- Gobag Location in West Bengal, India Gobag Gobag (India)
- Coordinates: 23°35′52″N 86°45′31″E﻿ / ﻿23.5979°N 86.7587°E
- Country: India
- State: West Bengal
- District: Purulia

Population (2011)
- • Total: 1,395

Languages
- • Official: Bengali, English
- Time zone: UTC+5:30 (IST)
- PIN: 723160(Adra)
- Telephone/STD code: 03251
- Lok Sabha constituency: Bankura
- Vidhan Sabha constituency: Raghunathpur
- Website: purulia.gov.in

= Gobag =

Gobag is a village in the Neturia CD block in the Raghunathpur subdivision of the Purulia district in the state of West Bengal, India.

==Geography==

===Location===
Gobag is located at .

===Area overview===
Purulia district forms the lowest step of the Chota Nagpur Plateau. The general scenario is undulating land with scattered hills. Raghunathpur subdivision occupies the northern part of the district. 83.80% of the population of the subdivision lives in rural areas. However, there are pockets of urbanization and 16.20% of the population lives in urban areas. There are 14 census towns in the subdivision. It is presented in the map given alongside. There is a coal mining area around Parbelia and two thermal power plants are there – the 500 MW Santaldih Thermal Power Station and the 1200 MW Raghunathpur Thermal Power Station. The subdivision has a rich heritage of old temples, some of them belonging to the 11th century or earlier. The Banda Deul is a monument of national importance. The comparatively more recent in historical terms, Panchkot Raj has interesting and intriguing remains in the area.

Note: The map alongside presents some of the notable locations in the subdivision. All places marked in the map are linked in the larger full screen map.

==Demographics==
According to the 2011 Census of India Gobag had a total population of 1,395 of which 715 (51%) were males and 680 (49%) were females. There were 165 persons in the age range of 0–6 years.
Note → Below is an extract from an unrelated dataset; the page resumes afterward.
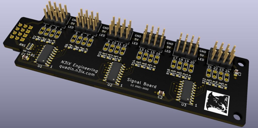 The QuadLN_S Signal Board add-on provides 24 LED outputs and realistic effects for Searchlights, CPL signals and crossings. Now includes 3D printed mounting bracket instead of standoffs for easier mounting, along with 2 screws.
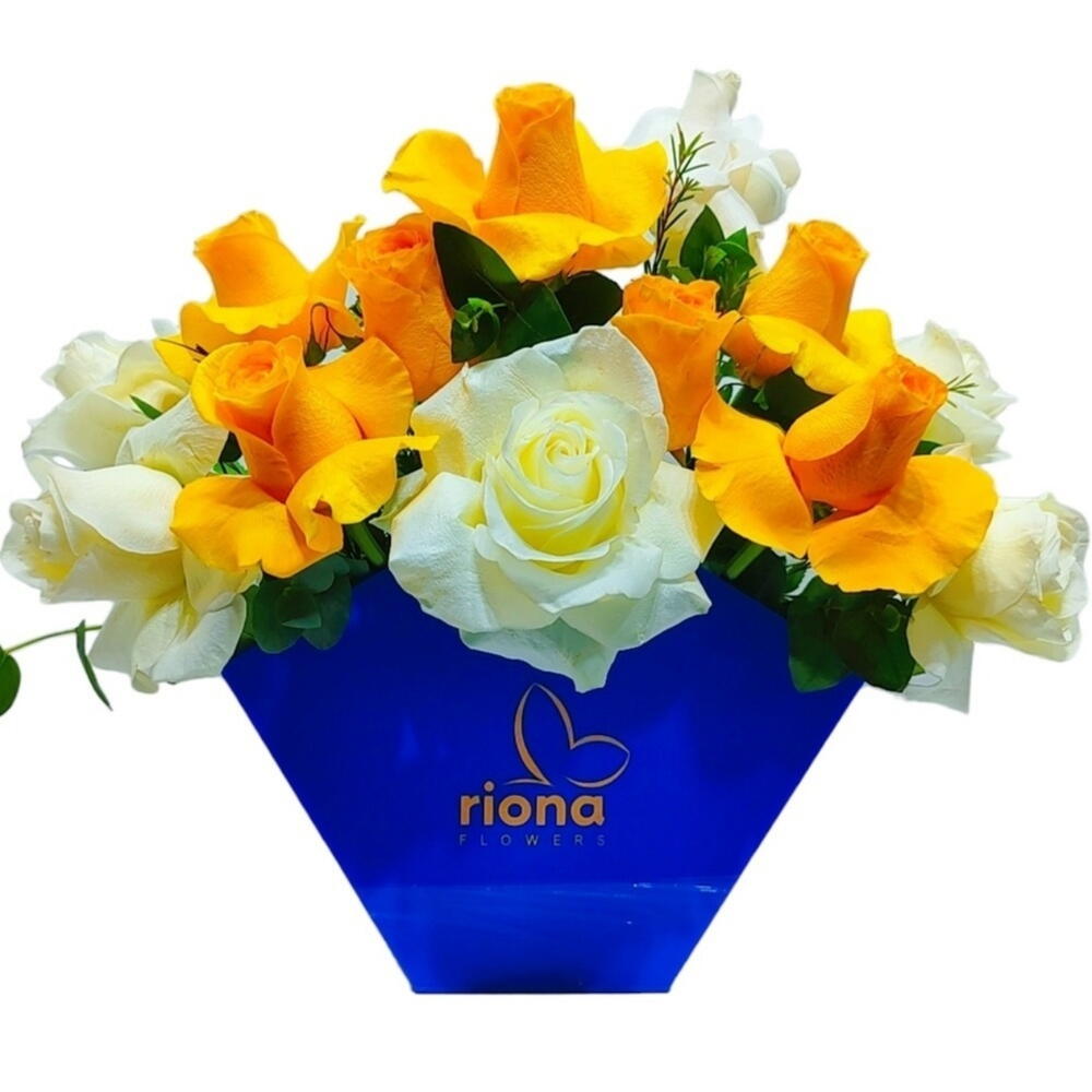 Acrylic Blue box filled with open yellow and white roses

The total number of literate persons in Gobag was 882 (71.71% of the population over 6 years).

==Civic administration==
===CD block HQ===
The headquarters of Neturia CD block are located at Gobag (Ramkanali).

==Transport==

Ramkanali is a station on the Asansol-Adra line of South Eastern Railway.

==Education==
Janardandih High School is a Bengali-medium coeducational institution established in 1950. It has facilities for teaching from class V to class XII. It has a library with 6,500 books.
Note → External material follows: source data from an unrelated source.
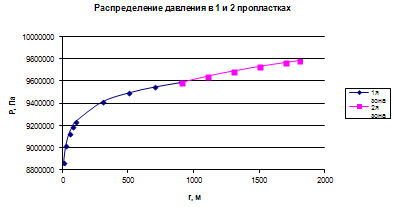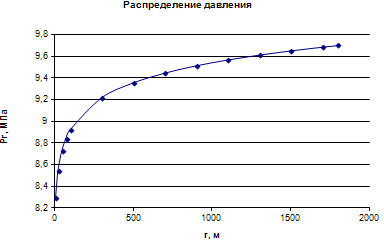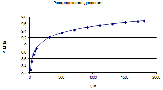 Рис.9.2.2.График распределения давления в пласте
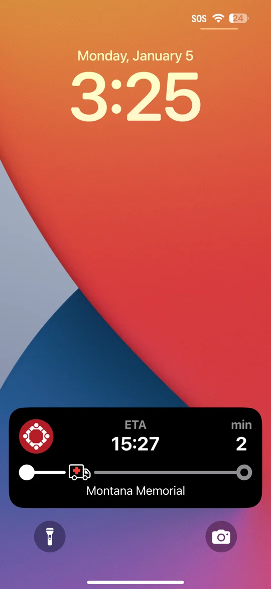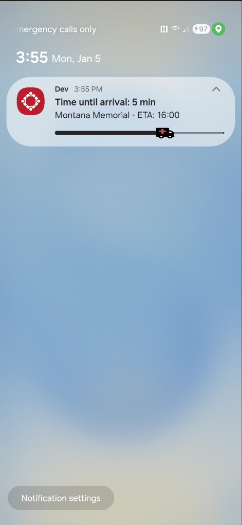 View the ETA, destination hospital, remaining time, and an animated ambulance timeline directly on your lock screen/notification drawer.
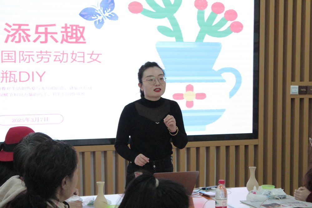 活动伊始,黑料不打烊 工会主席肖俊桂代表黑料不打烊 向全体参会女教职工以及女学生代表致以节日的祝福。随后,肖主席为大家带来了一场生动的花瓶DIY教学。从色彩搭配到材料运用,细致入微地讲解激发了大家的创作灵感。

Gobag Junior High School is a Bengali-medium girls only institution established in 2011. It has facilities for teaching from class V to class VIII.

Ramkanali Purushottam Vidyapith is an English-medium coeducation institution. It was established in 2006 by Dr. Chittaranjan Chowdhuri, as per the ideals of Sri Sri Thakur Anukul Chandra. It has facilities for teaching from pre-nursery to class XII. It has a boys hostel.

==Culture==
Garh Panchkot is a ruined 16th century fort/ palace of the Panchkot Raj at the foot of the Panchet Hill.

Achkoda, located in this block, showcases aatchala-style temples with terracotta work on the walls. One of these temples is dedicated to Raghunath and it was constructed by the local landlord of the area. Other temples are mortuary temples of Vaishnava sadhaks.

==Healthcare==
Harmadih Rural Hospital, with 30 beds at Harmadih, is the major government medical facility in the Neturia CD block.